▶ ACTION ITEM: Type out the lines below exactly, pictures excluded.

[Stored items from a collection]
↓
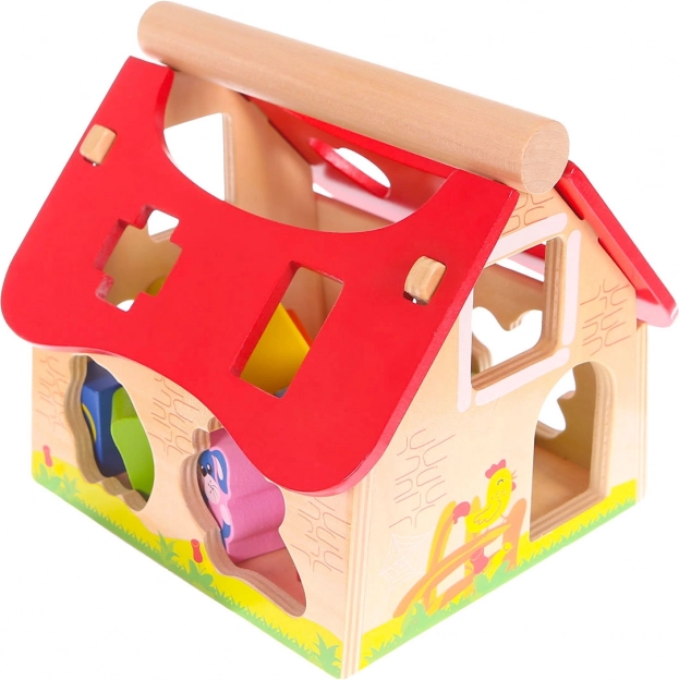 Domeček má velikost akorát do dětských rukou a díky kompaktním rozměrům se snadno přenáší i skladuje. Ideální hračka na doma i na cesty.
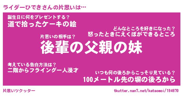 | 胡散臭い通販商品みたいなあだ名 | 『億万長者になれる水晶球…その名も「ライダーひでき」』 |
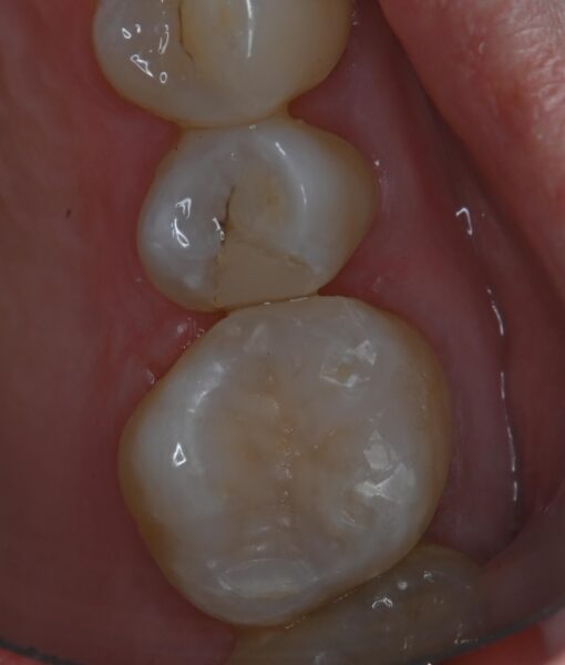①では咬合力に耐えられる強度が不足していることと着色が付きやすいことが懸念されるためおすすめはしませんでした。もう少し銀歯が小さければ、保険用コンポジットレジンでも十分修復できると思われます。②、④、⑤は間接法と呼ばれ、型取りが必要な方法になります。ここで問題になってくるのは、切削量の増加です。どうしても型取りする場合は少し大きめに削らないといけないのが現状です。ご自身の歯を出来る限り削りたくないとのことで、これもまたおすすめしませんでした。(銀歯の範囲が大きければ、ダイレクトボンディング法を選択できないため、間接法を選択することをおすすめします。)よって歯を出来る限り削らず、強度を増加させ修復させるために③のダイレクトボンディング法を選択しました。
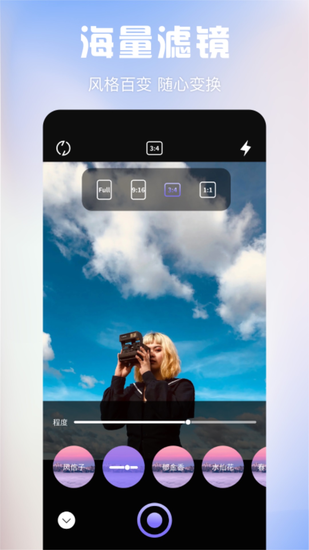 - 多级美颜强度,为您呈现完美皮肤 - 美颜自拍,实时预览
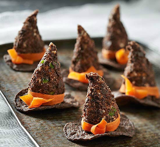 Cast a spell on your next Halloween party with this savory snack. Though it might look like you should wear them, these fashionable witch hats are actually taco-flavor cheese balls atop tortilla chips.
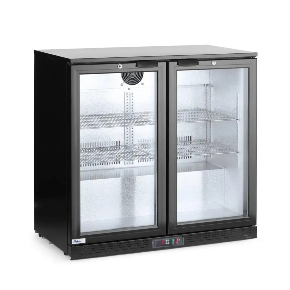Ruime barkoelkast met deuren van gehard glas. Uitgerust met LED-verlichting om producten te presenteren.
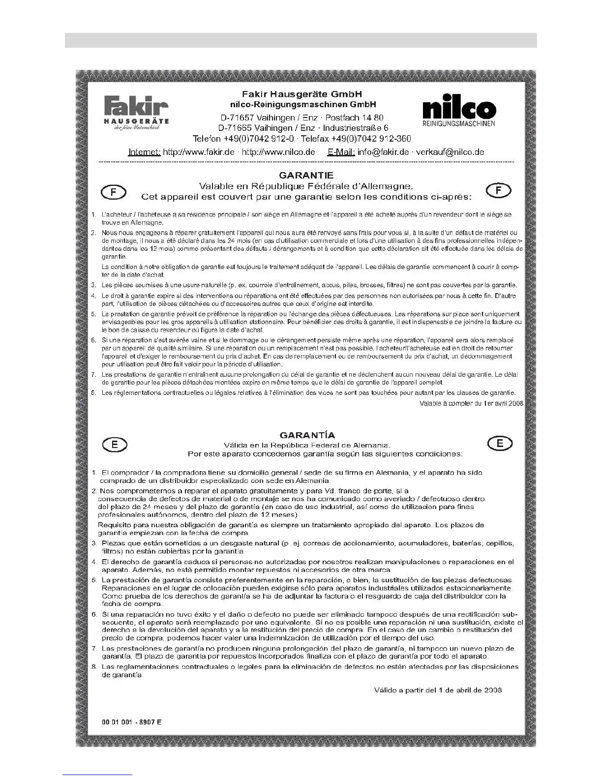 Fakir NT 21 - Garantieerklärung F, E
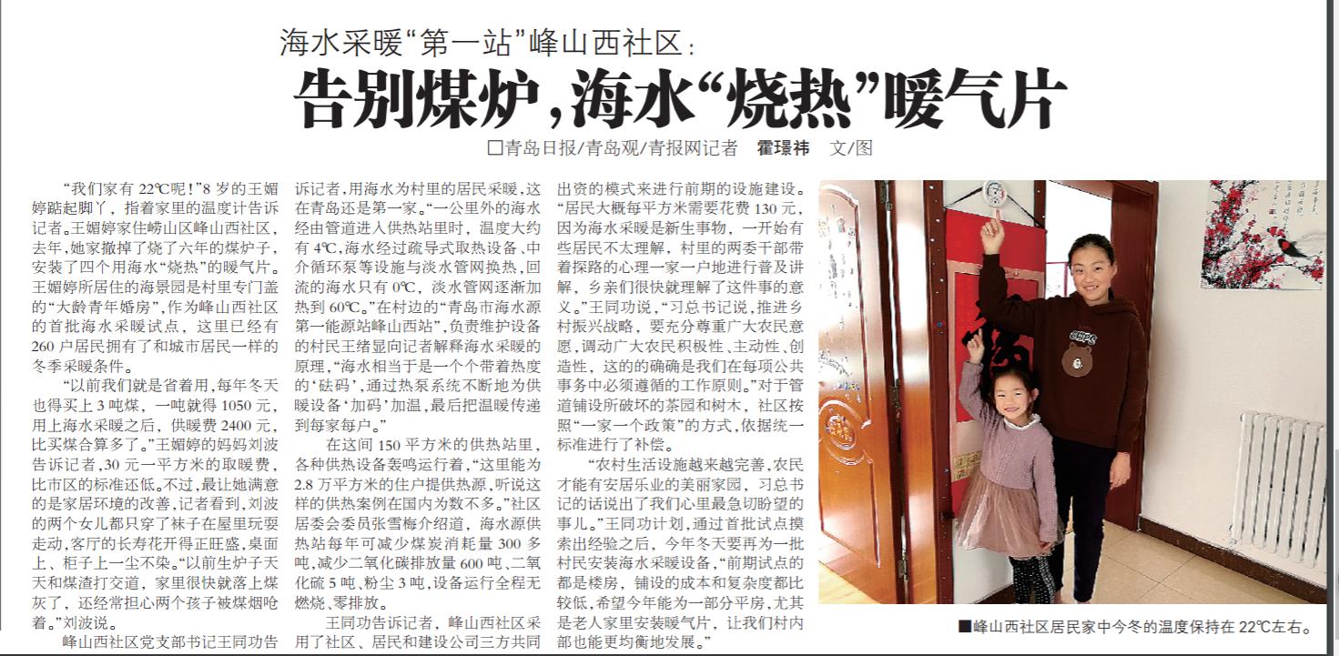 “我們家有 22℃呢!”8歲的王媚婷踮起腳丫,指著家里的溫度計(jì)告訴記者。王媚婷家住嶗山區(qū)峰山西社區(qū),去年,她家撤掉了燒了六年的煤爐子,安裝了四個(gè)用海水“燒熱”的暖氣片。王媚婷所居住的海景園是村里專門蓋的“大齡青年婚房”,作為峰山西社區(qū)的首批海水采暖試點(diǎn),這里已經(jīng)有260戶居民擁有了和城市居民一樣的冬季采暖條件。
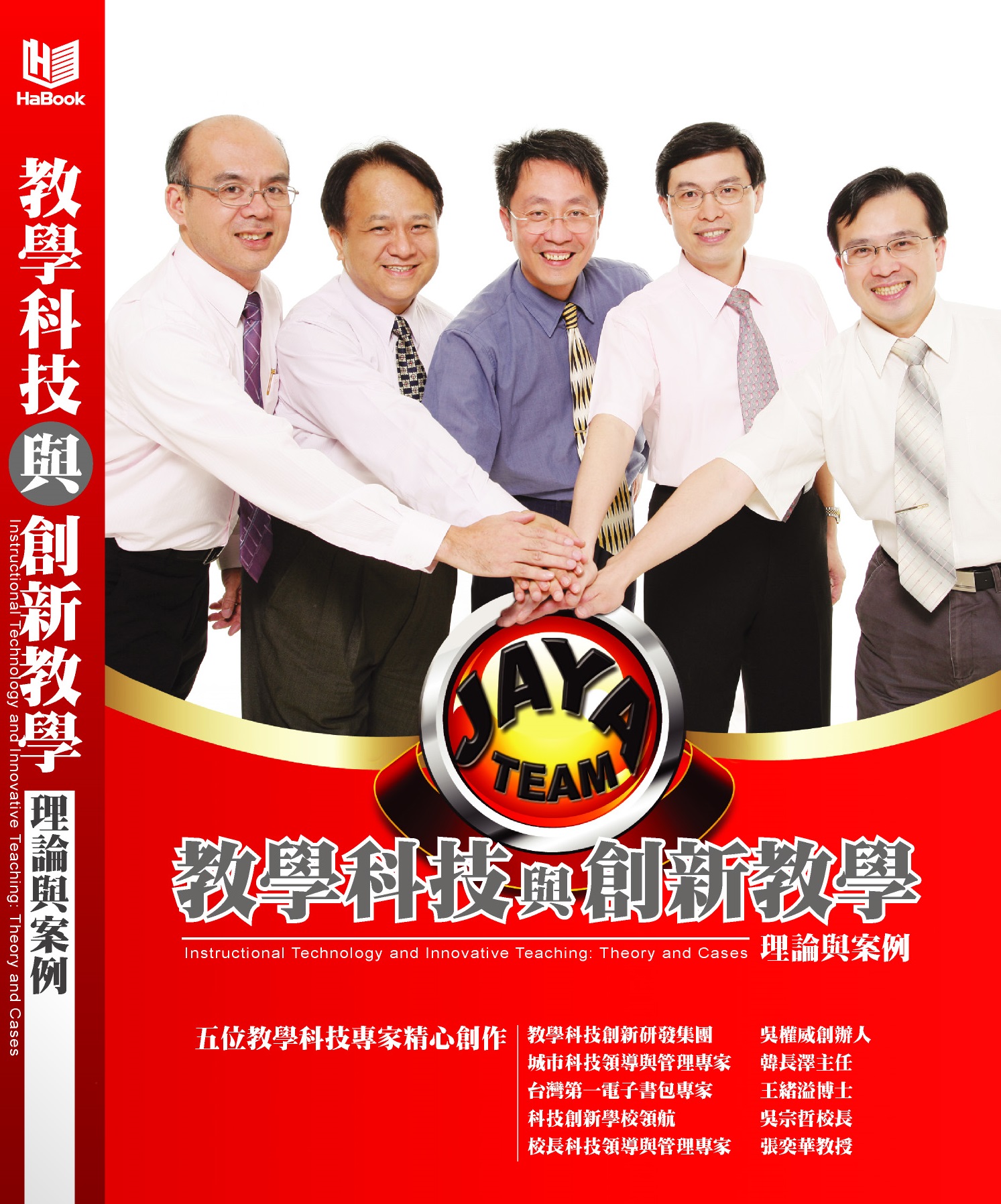 本書的作者群均具備長時間的教學(xué)科技與創(chuàng)新教學(xué)發(fā)展與應(yīng)用背景,由于志同道合并有共同理想而組成JAYA Team,JAYA在馬來語中是“成功”的意思。這五位專家分別是校長科技領(lǐng)導(dǎo)與管理專家、也是本書的主編政治大學(xué)教育系張奕華(Ace)教授、科技創(chuàng)新學(xué)校領(lǐng)航者(微軟全球第一所認證通過云端未來學(xué)校-臺北市蓬萊國?。﹨亲谡?John)校長、臺灣第一電子書包專家王緒溢(Yale)博士、城市科技領(lǐng)導(dǎo)與管理陀手(前臺北市教育局信息室)韓長澤(Jerry)主任,以及教學(xué)科技創(chuàng)新研發(fā)集團(網(wǎng)奕信息技術(shù))吳權(quán)威(Ajax)創(chuàng)辦人。希望經(jīng)由作者群所貢獻出來的智慧與經(jīng)驗,能幫助不只在臺灣,也包括所有海外的華人學(xué)校與老師成功地應(yīng)用教學(xué)科技,開創(chuàng)出創(chuàng)新的教學(xué)模式,最終使得我們的未來主人翁能夠受益。
↑
▶ RESULT BELOW:
 Domeček má velikost akorát do dětských rukou a díky kompaktním rozměrům se snadno přenáší i skladuje. Ideální hračka na doma i na cesty.
 | 胡散臭い通販商品みたいなあだ名 | 『億万長者になれる水晶球…その名も「ライダーひでき」』 |
①では咬合力に耐えられる強度が不足していることと着色が付きやすいことが懸念されるためおすすめはしませんでした。もう少し銀歯が小さければ、保険用コンポジットレジンでも十分修復できると思われます。②、④、⑤は間接法と呼ばれ、型取りが必要な方法になります。ここで問題になってくるのは、切削量の増加です。どうしても型取りする場合は少し大きめに削らないといけないのが現状です。ご自身の歯を出来る限り削りたくないとのことで、これもまたおすすめしませんでした。(銀歯の範囲が大きければ、ダイレクトボンディング法を選択できないため、間接法を選択することをおすすめします。)よって歯を出来る限り削らず、強度を増加させ修復させるために③のダイレクトボンディング法を選択しました。
 - 多级美颜强度,为您呈现完美皮肤 - 美颜自拍,实时预览
 Cast a spell on your next Halloween party with this savory snack. Though it might look like you should wear them, these fashionable witch hats are actually taco-flavor cheese balls atop tortilla chips.
Ruime barkoelkast met deuren van gehard glas. Uitgerust met LED-verlichting om producten te presenteren.
 Fakir NT 21 - Garantieerklärung F, E
 “我們家有 22℃呢!”8歲的王媚婷踮起腳丫,指著家里的溫度計(jì)告訴記者。王媚婷家住嶗山區(qū)峰山西社區(qū),去年,她家撤掉了燒了六年的煤爐子,安裝了四個(gè)用海水“燒熱”的暖氣片。王媚婷所居住的海景園是村里專門蓋的“大齡青年婚房”,作為峰山西社區(qū)的首批海水采暖試點(diǎn),這里已經(jīng)有260戶居民擁有了和城市居民一樣的冬季采暖條件。
 本書的作者群均具備長時間的教學(xué)科技與創(chuàng)新教學(xué)發(fā)展與應(yīng)用背景,由于志同道合并有共同理想而組成JAYA Team,JAYA在馬來語中是“成功”的意思。這五位專家分別是校長科技領(lǐng)導(dǎo)與管理專家、也是本書的主編政治大學(xué)教育系張奕華(Ace)教授、科技創(chuàng)新學(xué)校領(lǐng)航者(微軟全球第一所認證通過云端未來學(xué)校-臺北市蓬萊國?。﹨亲谡?John)校長、臺灣第一電子書包專家王緒溢(Yale)博士、城市科技領(lǐng)導(dǎo)與管理陀手(前臺北市教育局信息室)韓長澤(Jerry)主任,以及教學(xué)科技創(chuàng)新研發(fā)集團(網(wǎng)奕信息技術(shù))吳權(quán)威(Ajax)創(chuàng)辦人。希望經(jīng)由作者群所貢獻出來的智慧與經(jīng)驗,能幫助不只在臺灣,也包括所有海外的華人學(xué)校與老師成功地應(yīng)用教學(xué)科技,開創(chuàng)出創(chuàng)新的教學(xué)模式,最終使得我們的未來主人翁能夠受益。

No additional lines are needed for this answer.